Vortex Ring Interactions with Hemicylindrical Cavities

Tracheoesophageal (TE) speech is the technique of restoring voice to a patient following a laryngectomy. During TE speech the flow is characterized by periodic vortex rings impinging on the posterior wall of the trachea. That is, the fundamental interaction is characterized by a vortex ring impinging on a hemicylindrical cavity. This scenario is relevant to a number of fundamental fluid mechanics problems. The objective of this work is to experimentally identify, for the first time, the primary physics of a vortex ring impinging on hemicylindrical cavities of varying radius.
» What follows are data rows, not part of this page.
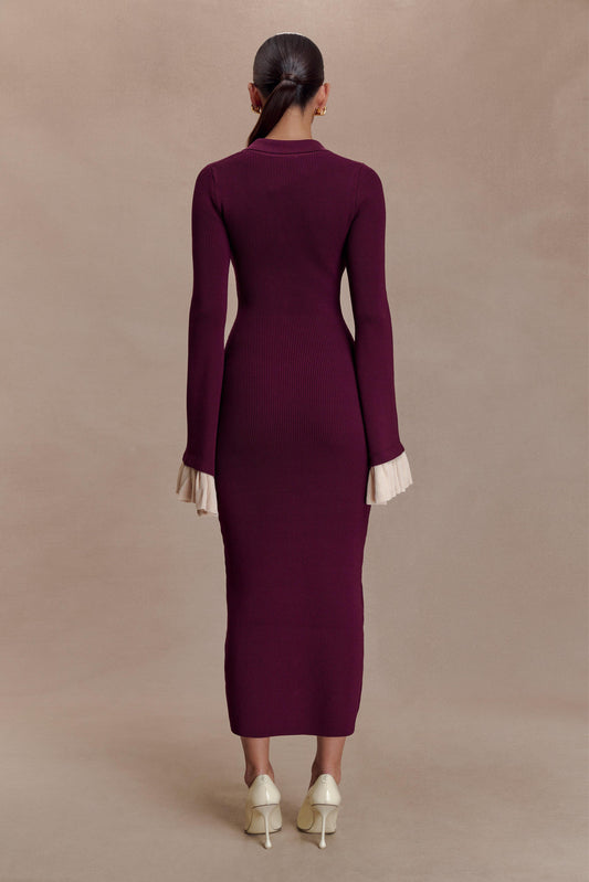 34% İndirimAmirose Volanlı Örgü Midi Elbise - Erik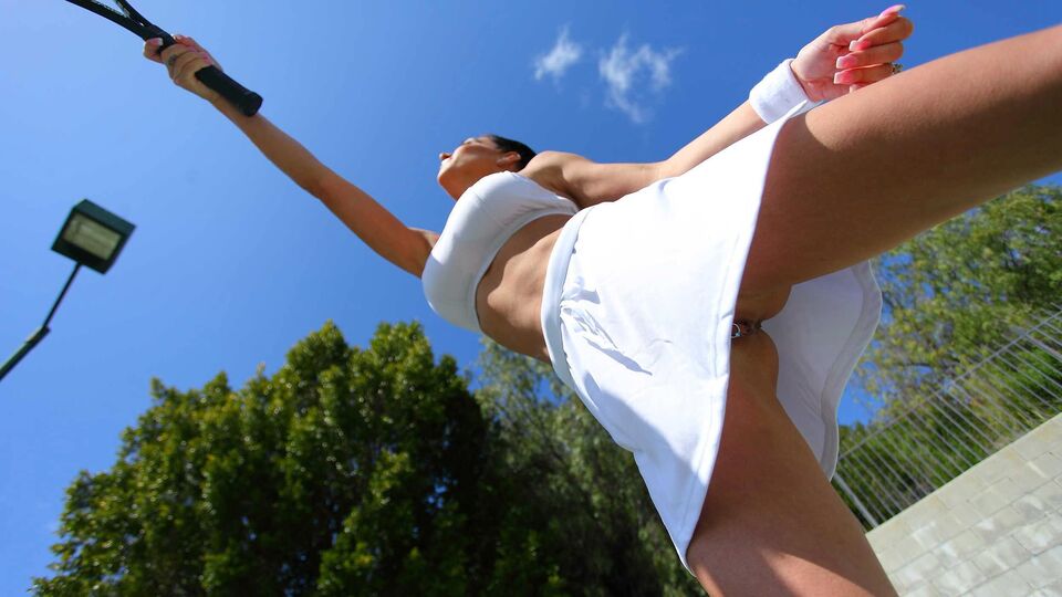 Description:Keiran has been teaching Jessica how to play tennis for the past few weeks and today they are playing a match. After some intense playing, Jessica beats her teacher. Keiran is very sad and the only way he can gain back his spirits is having Jessica suck and fuck his dick.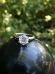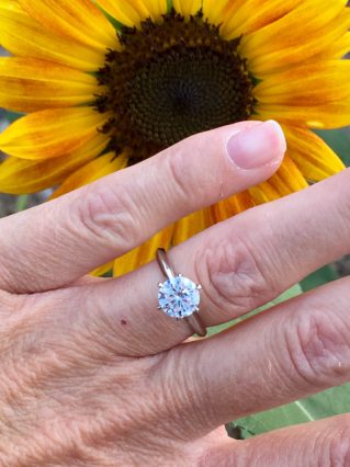 Outdoors photo of Trü-Hybrid 1.5ct in Platinum solitaire, no filter or effects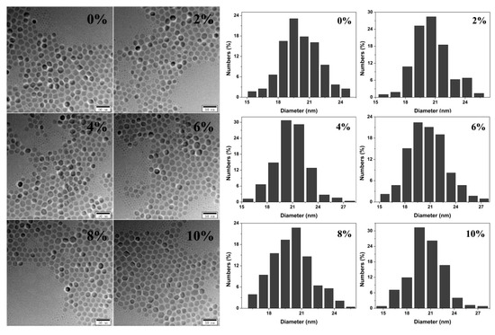 The TEM images and size distribution histogram of SrF2: Tb3+ nanoparticles.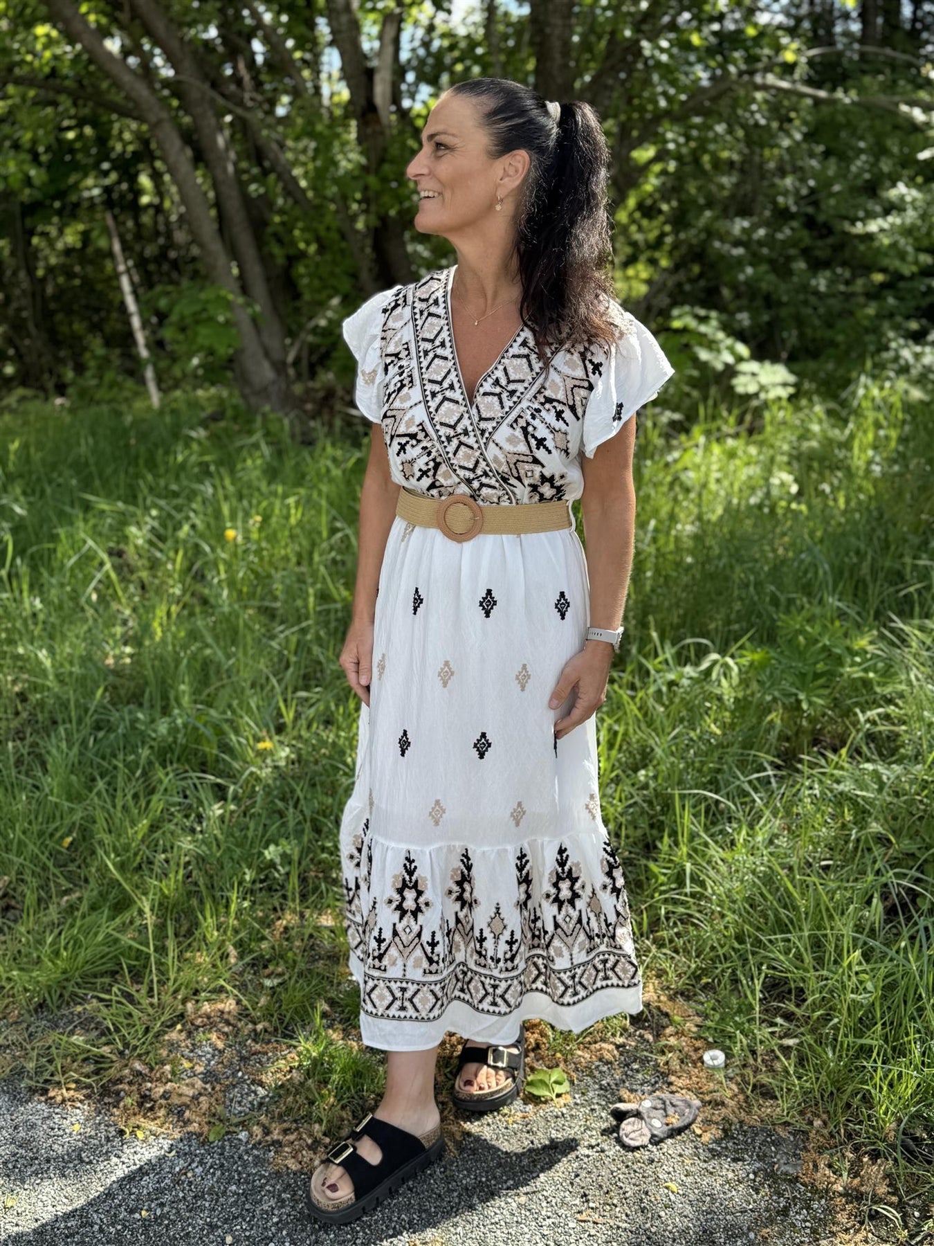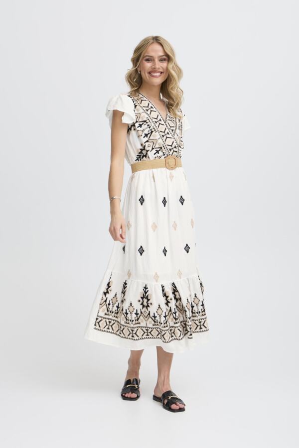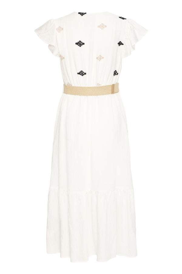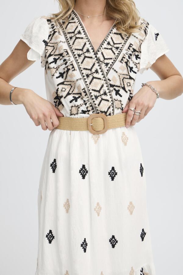 Den markerte midjen med et bredt, vevd belte med dekorativt spenne fremhever fasongen på en elegant og naturlig måte. V-hals og korte volang-ermer gir et luftig, feminint preg, perfekt til både hverdagsbruk og sommerlige festligheter.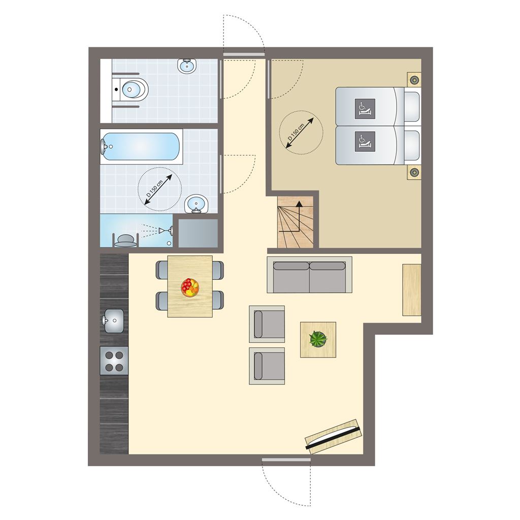 - Adapted bathroom with walk-in shower, shower seat, grab rails in showe, single lever mixer tapes, washbasin a minimum of 78 cm high and wheelchair-friendly, adjustable mirror or full-length mirror and a turning circle a minimum of 150 cm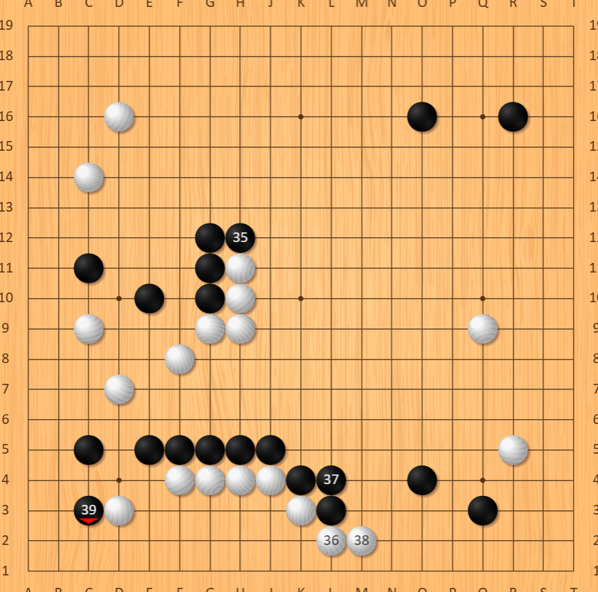 实战中,党毅飞执黑,本盘对局从最后整体上分析是黑棋的完胜好局,于是第一人申真谞九段的惨败之局。在前半盘激战中,黑棋抢到坐下实地和中腹外势之后局势便朝着自己有利的方向发展。尤其是随后左上和右上的势力稳步转为实地之后,局面优势倍增!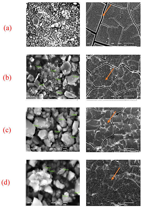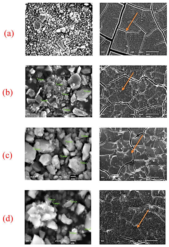 SEM images for SHOFU GIC (powder and disk). (a) Control (0%), (b) 2% nano-ZrO2 particles, (c) 5% nano-ZrO2 particles, and (d) 7% nano-ZrO2 particles. The disc form clearly depicts that the control group shows cracks, which were wider but were not improved by the addition of nano-ZrO2 particles (Figure 3a–d) (orange arrow).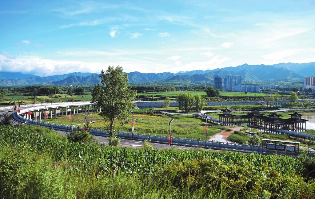 為拓展發(fā)展空間、拉大城市框架,五臺縣圍繞瀛湖、濕地、玉軒、文昌山等公園新建環(huán)城路,并在各個路段因地制宜配建文化景點(diǎn)、山水橋梁、游園、健身廣場、步道長廊等設(shè)施,繪就一幅“路在景中、景在城中”的城市立體畫卷。圖為北城區(qū)一景。(金俊賢攝)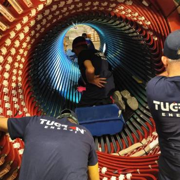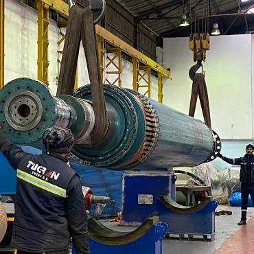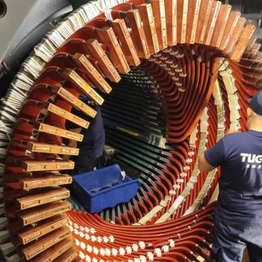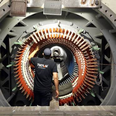 We carried out the replacement of stator windings, disassembly of the rotor retaining ring, renewal of rotor under-cap winding insulation, and high-speed rotor balancing operations.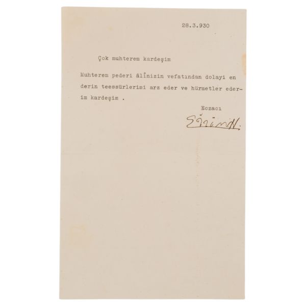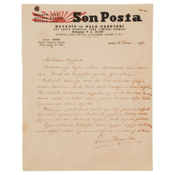 İhtifalci Mehmet Ziya Bey´in oğlu Celal Ergun´a Ercüment Ekrem Talu´dan imzalı yazı,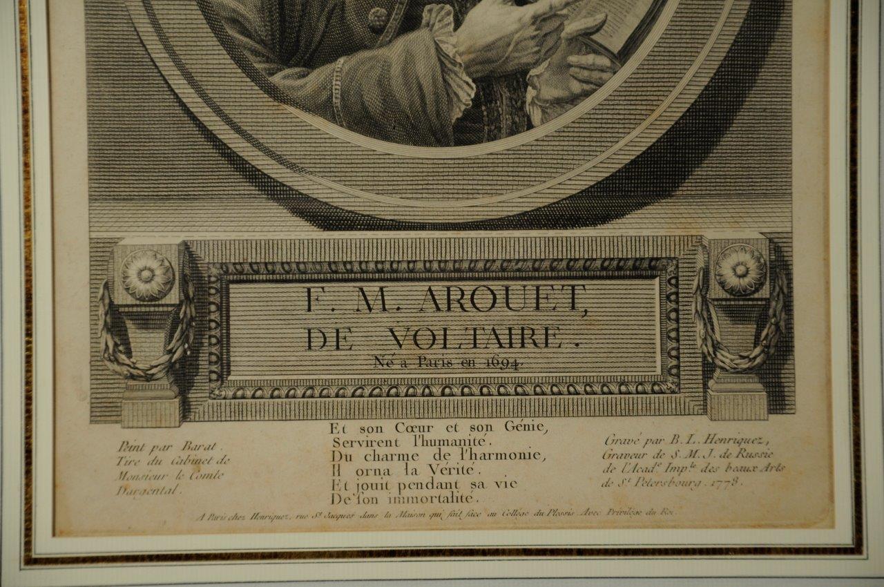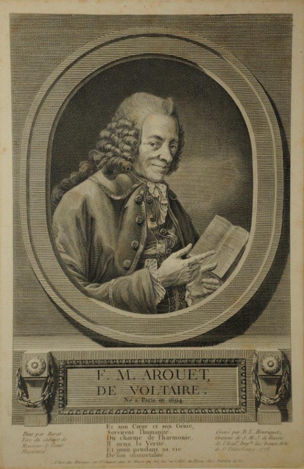 Pierre-Martin BARAT, portraitiste en activité au XVIIIe siècle, fut notamment peintre de la ville de Nîmes. Il fait ainsi une représentation de Louis XVI pour la salle du conseil de l'Hôtel de ville de Nîmes. Il se rendit célèbre en exécutant ce portrait de Voltaire et d'acteurs de son temps. Dans une lettre à Catherine II du 28 juin 1775, Voltaire lui parle de ce portrait et loue le talent de Barat : le peintre a "l'art de faire parfaite ressemblance". Ce portrait a été gravé par B.-L. HENRIQUEZ. La gravure est jointe.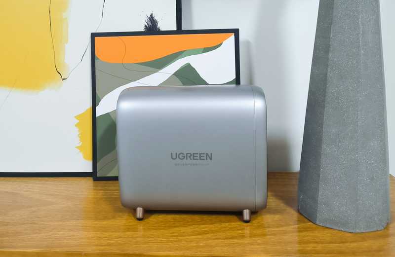 刚入手放在家里的时候家里人还不知道是什么东西,在我解释了一番之后才知道可以存手机上的资料。和其它NAS不一样的是,绿联私有云DH2600外观并没有采用传统的小机箱造型,在我看来它的外观更像是一个颜值很高的家居用品,通体银色加玫瑰金的金属喷漆,还有4个用于支撑的小腿。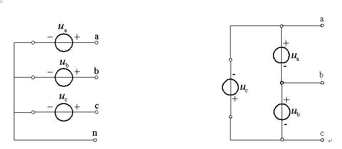 - 三角形联结中, 电压源正负极首尾相接, 按顺时针顺序排列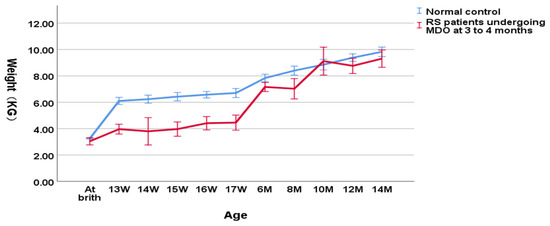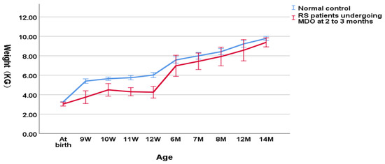 As shown in Figure 4, in the group undergoing MDO at 3 to 4 months, the weight of RS patients was still significantly lower relative to the normal controls (3.90 ± 0.79 kg versus 6.31 ± 0.33 kg, p < 0.001 for the weight at the timing point of MDO and 4.30 ± 0.79 kg versus 6.63 ± 0.34 kg, p < 0.001 for the post-discharge weight). At the timing point of distractor removal, the weight of RS patients could not reach a normal weight compared to the normal controls (7.36 ± 1.05 kg versus 8.25 ± 0.77 kg, p = 0.004). At aged one year, RS patients finally reached the normal weight compared to the normal controls (9.38 ± 0.29 kg versus 9.83 ± 0.53 kg, p = 0.098).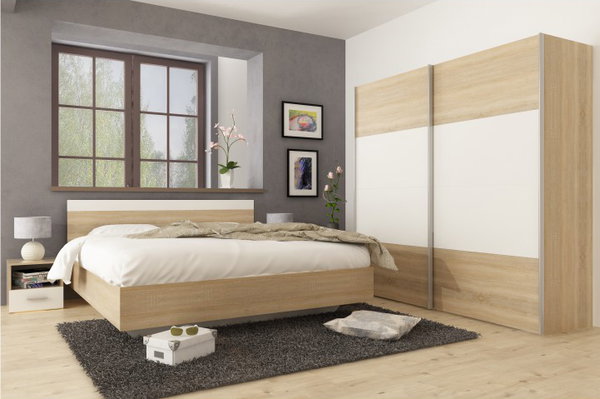 Moderní ložnicová sestava s přitažlivým designem pomocí které si zařídíte ložnici se vším, co potřebujete. Sestava se skládá z manželské postele, dvou nočních stolků a prostorné šatní skříně. Šatní skříň Vám poskytne úložný prostor pro Vaše oblečení a jiné doplňky. Noční stolky mají otevřenou poličku a zásuvku, kam si můžete uložit oblíbenou knížku na čtení, brýle nebo kosmetiku. Postel je bez čela u nohou a stojí na podstavci, čímž vzniká iluze levitující postele.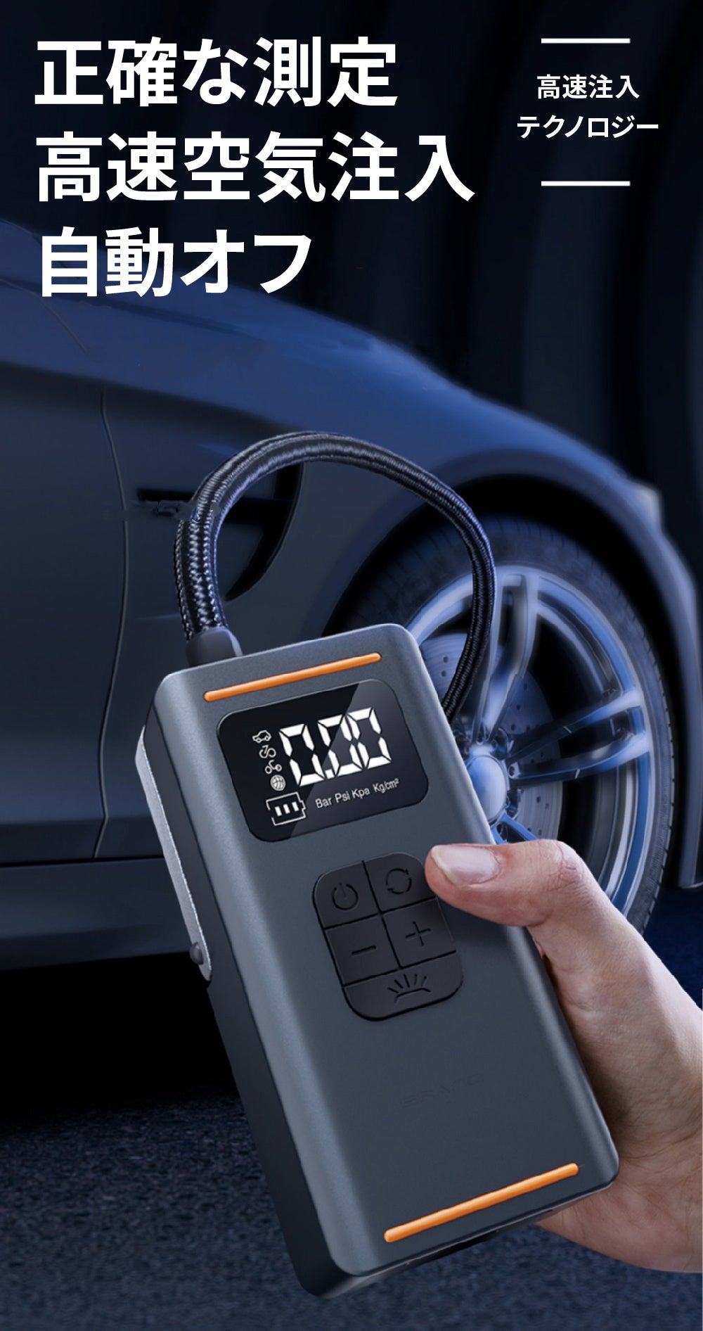Gamp-Jetはリチウムイオンバッテリーを使用しており、電源の持続時間が長いです。6000mAhの大容量バッテリーなので、満タンに充電した後であれば、最大4台の車のタイヤに空気を入れることができます。

A piston-cylinder vortex generator in a water tank was used to create a vortex ring with a formation number of F = 2.67 and Reynolds number of Re_Γ = 1450. Five different ratios of vortex ring radius (R_v ) to hemicylindrical cavity radius (R_cyl ) were examined, namely, γ = 1/4, 1/3, 2/5, 2/3. Planer laser induced florescence (PLIF) and color dye flow visualization technique were employed to visualize the primary interactions. Flow visualization data qualitatively reveal how surface curvature of the hemicylindrical cavities affects the radial spreading of the primary vortex ring, and the subsequent inducement and separation of wall-bounded vorticity. Comparison with the physics arising due to vortex ring impingement on axisymmetric concave cavities (i.e., hemispheres) is also established in this study.